*** DATASET CONTENT ***

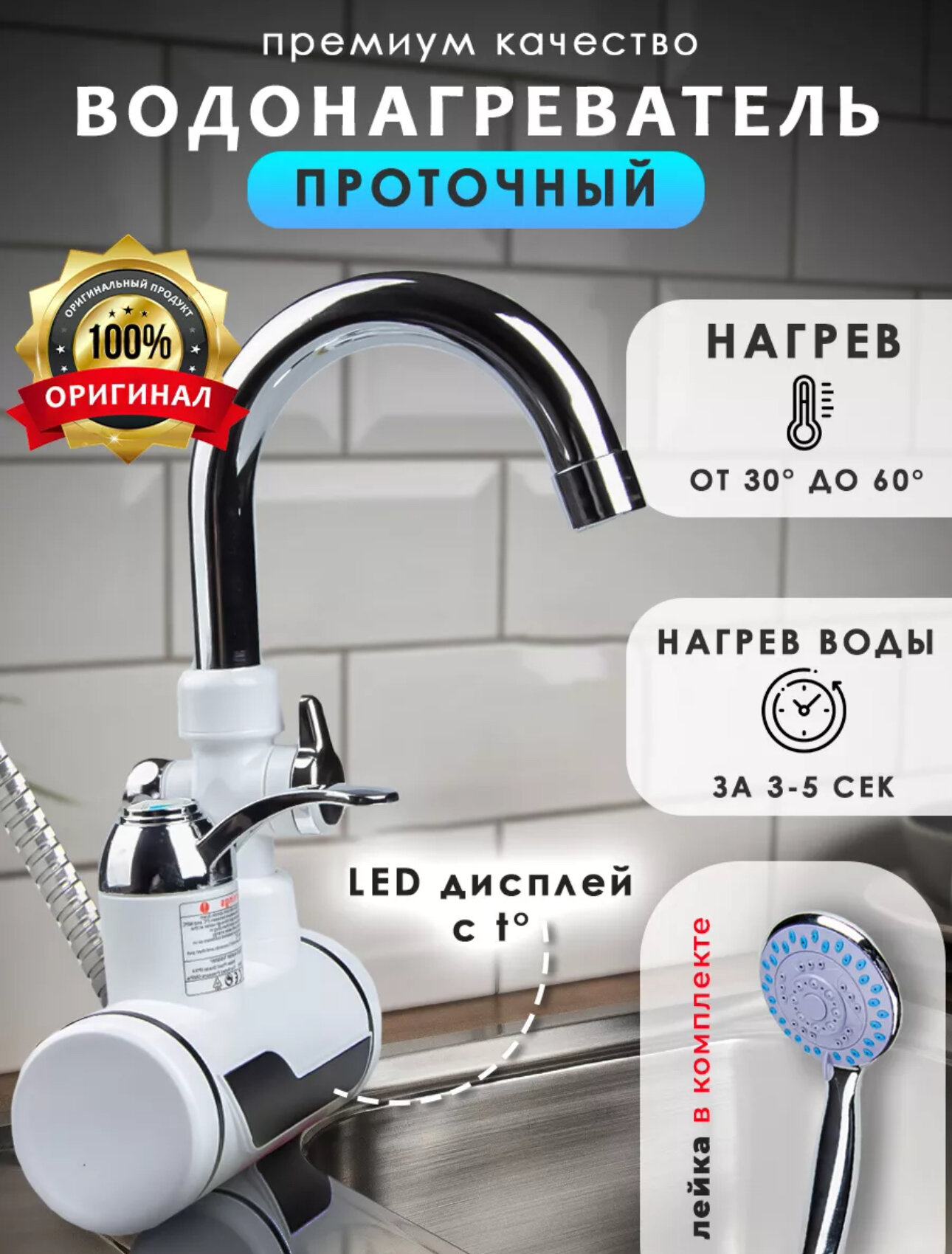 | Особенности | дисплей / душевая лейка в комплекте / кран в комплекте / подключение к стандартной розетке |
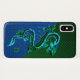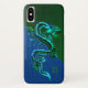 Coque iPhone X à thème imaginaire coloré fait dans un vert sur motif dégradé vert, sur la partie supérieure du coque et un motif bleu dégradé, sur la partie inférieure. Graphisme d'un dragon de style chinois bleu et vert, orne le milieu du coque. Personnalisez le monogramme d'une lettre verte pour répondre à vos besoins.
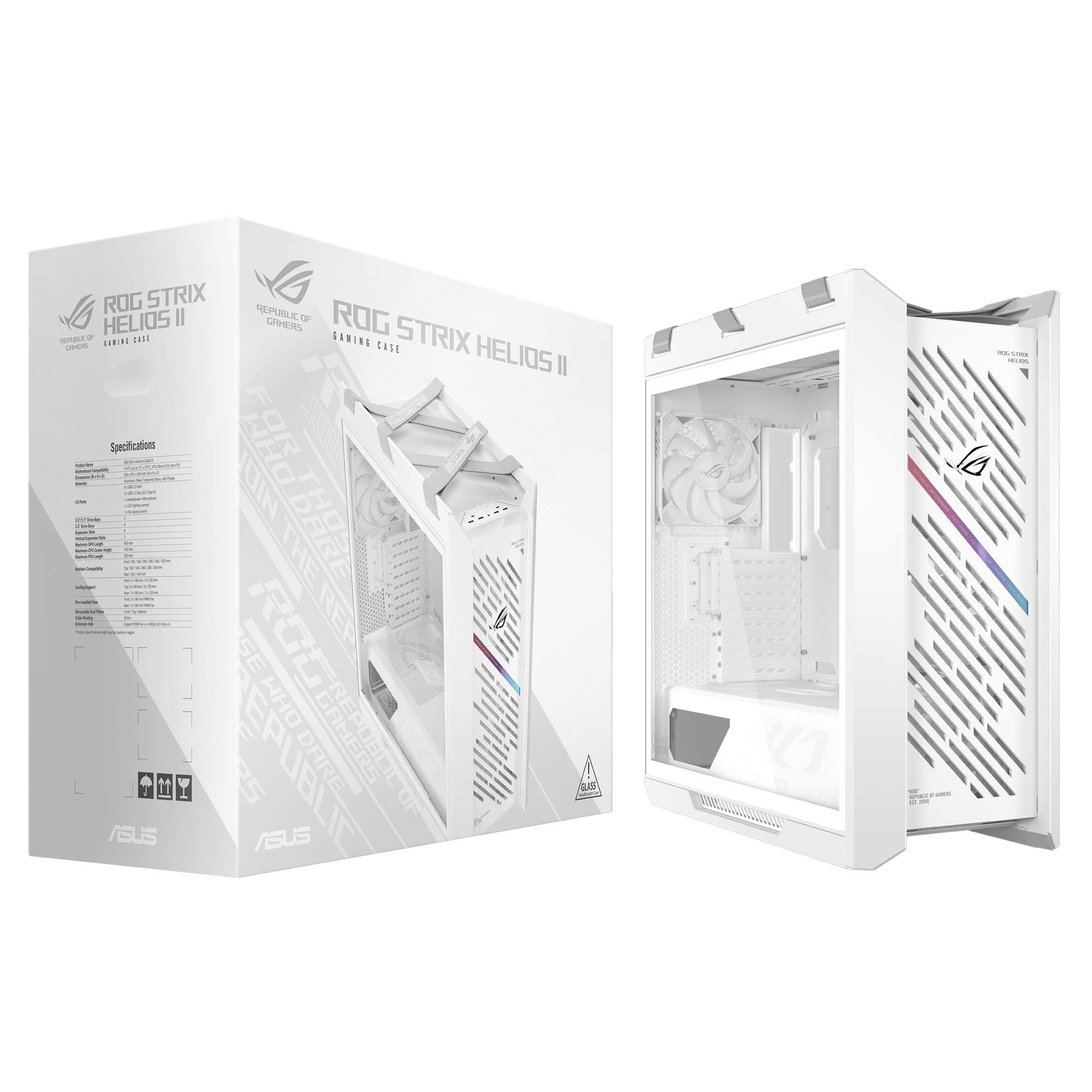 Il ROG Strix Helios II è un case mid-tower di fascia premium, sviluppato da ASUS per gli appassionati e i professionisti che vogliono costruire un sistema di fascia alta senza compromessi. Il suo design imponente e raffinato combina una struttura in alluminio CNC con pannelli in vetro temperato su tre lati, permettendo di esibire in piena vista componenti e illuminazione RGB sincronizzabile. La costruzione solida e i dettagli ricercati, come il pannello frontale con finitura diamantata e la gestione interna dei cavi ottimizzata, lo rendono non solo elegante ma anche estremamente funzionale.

*** End of DATASET CONTENT ***

INSTRUCTIONS FOR THE TASK: Drop the pictures and give every line above again exactly.

RESPONSE BELOW:
 | Особенности | дисплей / душевая лейка в комплекте / кран в комплекте / подключение к стандартной розетке |
 Coque iPhone X à thème imaginaire coloré fait dans un vert sur motif dégradé vert, sur la partie supérieure du coque et un motif bleu dégradé, sur la partie inférieure. Graphisme d'un dragon de style chinois bleu et vert, orne le milieu du coque. Personnalisez le monogramme d'une lettre verte pour répondre à vos besoins.
 Il ROG Strix Helios II è un case mid-tower di fascia premium, sviluppato da ASUS per gli appassionati e i professionisti che vogliono costruire un sistema di fascia alta senza compromessi. Il suo design imponente e raffinato combina una struttura in alluminio CNC con pannelli in vetro temperato su tre lati, permettendo di esibire in piena vista componenti e illuminazione RGB sincronizzabile. La costruzione solida e i dettagli ricercati, come il pannello frontale con finitura diamantata e la gestione interna dei cavi ottimizzata, lo rendono non solo elegante ma anche estremamente funzionale.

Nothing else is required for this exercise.